### Required action
Set down, word for word, only the lines from the start of the records through the line bearing "本网讯 为使学院入党积极分子"; include no pictures.

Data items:
⁂
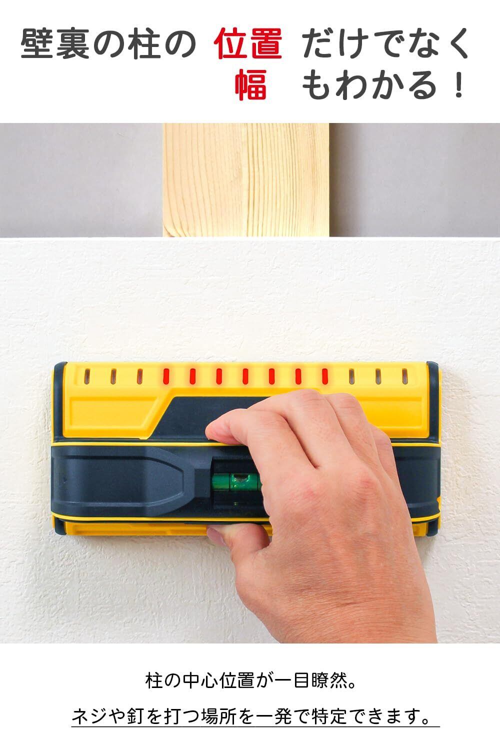 米国取得(US8476912, US8791708, US8836347, US8884633)。壁裏の見えない間柱の「位置」および「幅」を 素早く・簡単・正確に 見つける下地センサーです。壁裏の柱の「中心位置」が一発で見つけられます。 下地チェッカーとして釘打ちの下調べなどに便利です。下地探しの際に壁を傷つけることはありません。
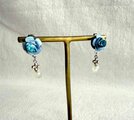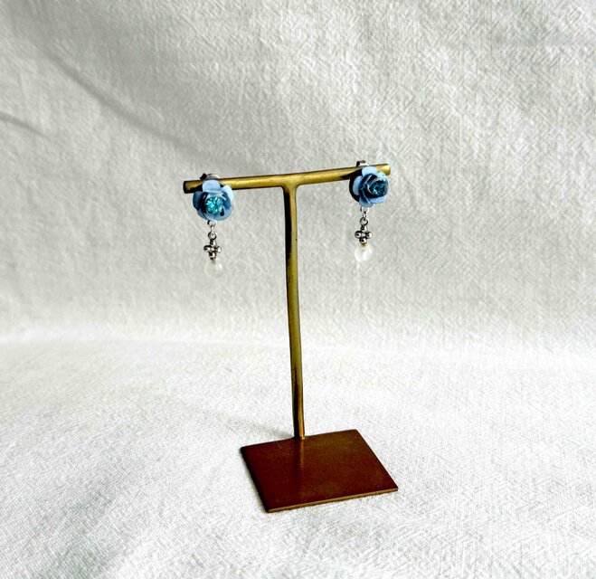 ヴィンテージのブルーフラワーパーツを使用して作成したピアスです。
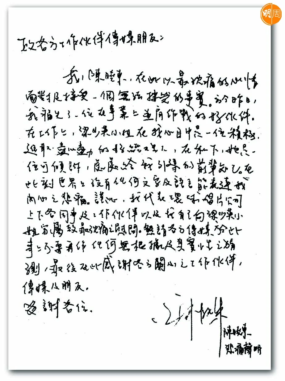 2000年1月12日,陳曉東(東東)的經理人梁少英(Rebecca),於粉嶺寓所跳樓身亡,享年32歲,消息震驚娛樂圈。警方指出,死者在住所遺下一張巨額支票,並寫下數句遺言,交代親戚代為照顧雙親。事發後,Rebecca的父親也向警方透露,女兒近日心事重重,本來活潑開朗,卻變得不喜歡說話,透露過因為工作壓力,很多事都拋不開。
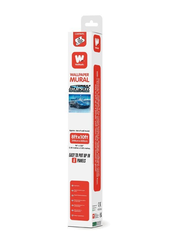 Revamp your space with this dynamic Super Sports Car Wall Mural by Walltastic. Measuring 8ft tall by 10ft wide (243.84cm x 304.80cm), this mural is divided into 6 convenient panels for easy application and adaptability to your desired coverage area. Packaged in a gift box and rolled like wallpaper, it’s a sleek and stylish addition to any room.
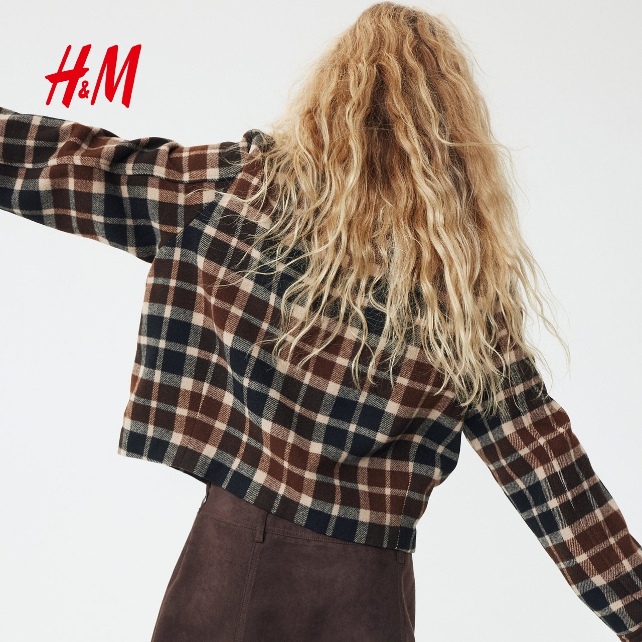 HM女装短外套2025冬季新款翻折领英伦风衬衫式格纹夹克1298605
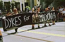 During a Nightline interview in early 1990s, after being asked for her sexual irresponsibility, Madonna responded: "Why are images of degradation and violence toward women okay, almost mainstream, yet images of two women or two men kissing taboo?".[90] Lynne Layton, a Harvard University lecturer in women's studies made a reference for her statement agreeing with it.[90] However, in 1995, Los Angeles Times reacted skeptical with The Advocate naming Madonna "Sissy of the Year", as she presented to her audience "ambiguous" and "mystical" about many things, including sexuality. But they agree: "Two things she is very firm about is her support for the lesbian and gay community and doing something about HIV/AIDS".[91]
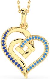 Blue Sapphire & Swiss Blue Topaz Gold Heart Necklace
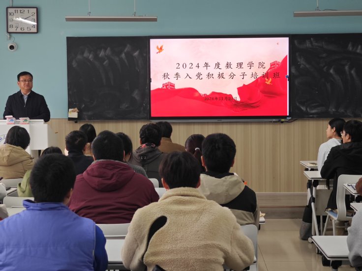 本网讯 为使学院入党积极分子端正入党动机,坚定理想信念,为早日加入中国共产党奠定坚实基础。近日,数理学院成功举办2024年秋季入党积极分子培训班,共57名入党积极分子参加了此次培训。
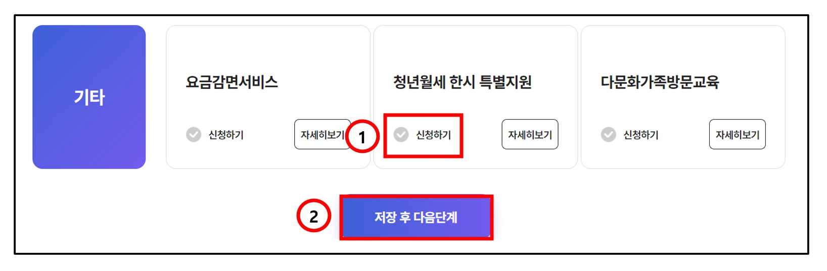 02 아래로 드래그 후 청년월세 한시 특별지원 [신청하기] 클릭 → [저장후 다음단계] 클릭
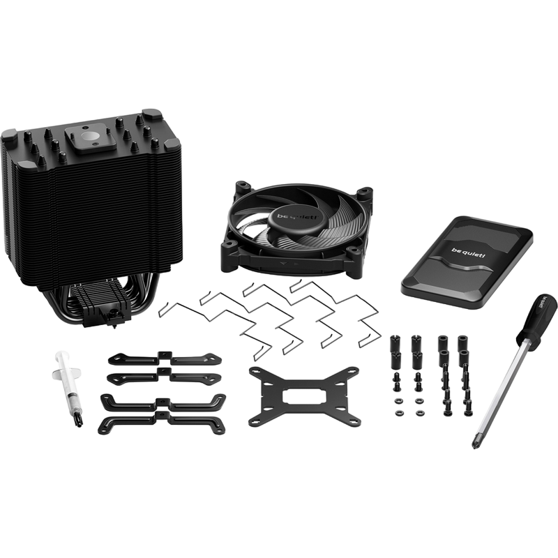 . PN: BK035 Socket compatibility Intel 1700 / 1200 / 1150 / 1151 / 1155 Socket compatibility AMD AM5 / AM4 Model Dark Rock 5 TDP (W) 210 Color option Black Overall dimensions without mounting material (L x W x H), (mm) 101 x 136 x 161 Total weight (kg) 1.03 Socket compatibility Intel 1700 / 1200 / 1150 / 1151 / 1155 Socket compatibility AMD AM5 / AM4 Overall noise level (dB(A)) @ 50/75/100% (rpm) 11.9 / 23.2 / 29.8 Number of fans 1 Dimensions (L x W x H), (mm) 76 x 136 x 161 Fin material Aluminum Surface treatment Ceramic coating Base material Copper CPU contact surface CNC machined Heatpipe number / Diameter (mm) 6 / 6 Fan model Silent Wings 4 120mm PWM Fan dimensions (mm) 120 x 120 x 25 Speed @ 100% PWM (rpm) 2100 Airflow at 100% PWM / 12V (CFM / m3/h) 55.0 / 93.5 Air Pressure at 100% PWM / 12V (mm H2O) 2.73 Bearing technology Fluid Dynamic Bearing Motor technology 6-pole fan motor Rated Voltage (V) 12 Input current (A) 0.10 Safety current (A) 0.20 Input power (W) 2.4 Connector 4-pin PWM Lighting connector - Cable length (mm) 220 Lifespan (h / 25°C) 300,000 Thermal grease (Type) Included Mounting set Intel & AMD Screwdriver ✓ Y-Cable - User manual languages CN, DE, EN, ES, FR, JP, PL, RU, TW
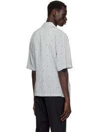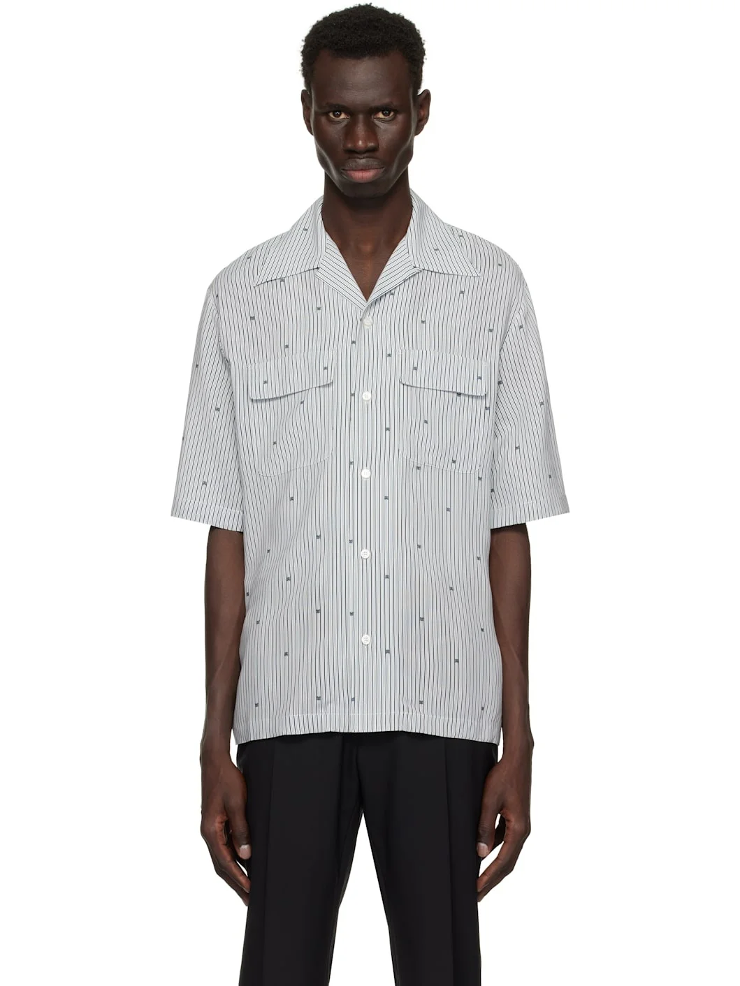 Plain-woven viscose shirt. Pinstripes and logo pattern printed throughout. · Open spread collar · Button closure · Flap pockets at chest Supplier color: Black 100% viscose. Made in Italy 251886M192035
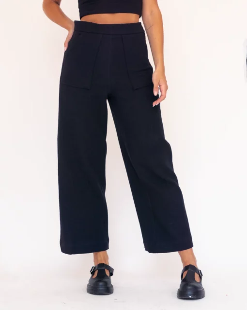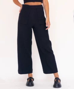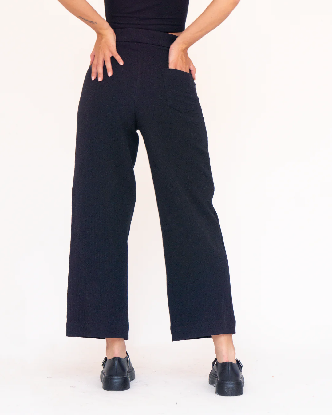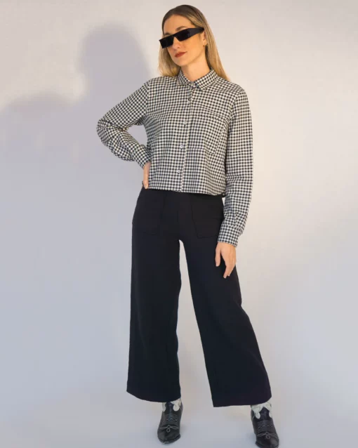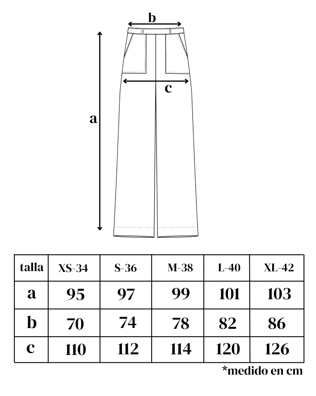 Pantalón con pernera ancha. Pespuntes y cremallera lateral.
⁂
### Your response
 米国取得(US8476912, US8791708, US8836347, US8884633)。壁裏の見えない間柱の「位置」および「幅」を 素早く・簡単・正確に 見つける下地センサーです。壁裏の柱の「中心位置」が一発で見つけられます。 下地チェッカーとして釘打ちの下調べなどに便利です。下地探しの際に壁を傷つけることはありません。
 ヴィンテージのブルーフラワーパーツを使用して作成したピアスです。
 2000年1月12日,陳曉東(東東)的經理人梁少英(Rebecca),於粉嶺寓所跳樓身亡,享年32歲,消息震驚娛樂圈。警方指出,死者在住所遺下一張巨額支票,並寫下數句遺言,交代親戚代為照顧雙親。事發後,Rebecca的父親也向警方透露,女兒近日心事重重,本來活潑開朗,卻變得不喜歡說話,透露過因為工作壓力,很多事都拋不開。
 Revamp your space with this dynamic Super Sports Car Wall Mural by Walltastic. Measuring 8ft tall by 10ft wide (243.84cm x 304.80cm), this mural is divided into 6 convenient panels for easy application and adaptability to your desired coverage area. Packaged in a gift box and rolled like wallpaper, it’s a sleek and stylish addition to any room.
 HM女装短外套2025冬季新款翻折领英伦风衬衫式格纹夹克1298605
 During a Nightline interview in early 1990s, after being asked for her sexual irresponsibility, Madonna responded: "Why are images of degradation and violence toward women okay, almost mainstream, yet images of two women or two men kissing taboo?".[90] Lynne Layton, a Harvard University lecturer in women's studies made a reference for her statement agreeing with it.[90] However, in 1995, Los Angeles Times reacted skeptical with The Advocate naming Madonna "Sissy of the Year", as she presented to her audience "ambiguous" and "mystical" about many things, including sexuality. But they agree: "Two things she is very firm about is her support for the lesbian and gay community and doing something about HIV/AIDS".[91]
 Blue Sapphire & Swiss Blue Topaz Gold Heart Necklace
 本网讯 为使学院入党积极分子端正入党动机,坚定理想信念,为早日加入中国共产党奠定坚实基础。近日,数理学院成功举办2024年秋季入党积极分子培训班,共57名入党积极分子参加了此次培训。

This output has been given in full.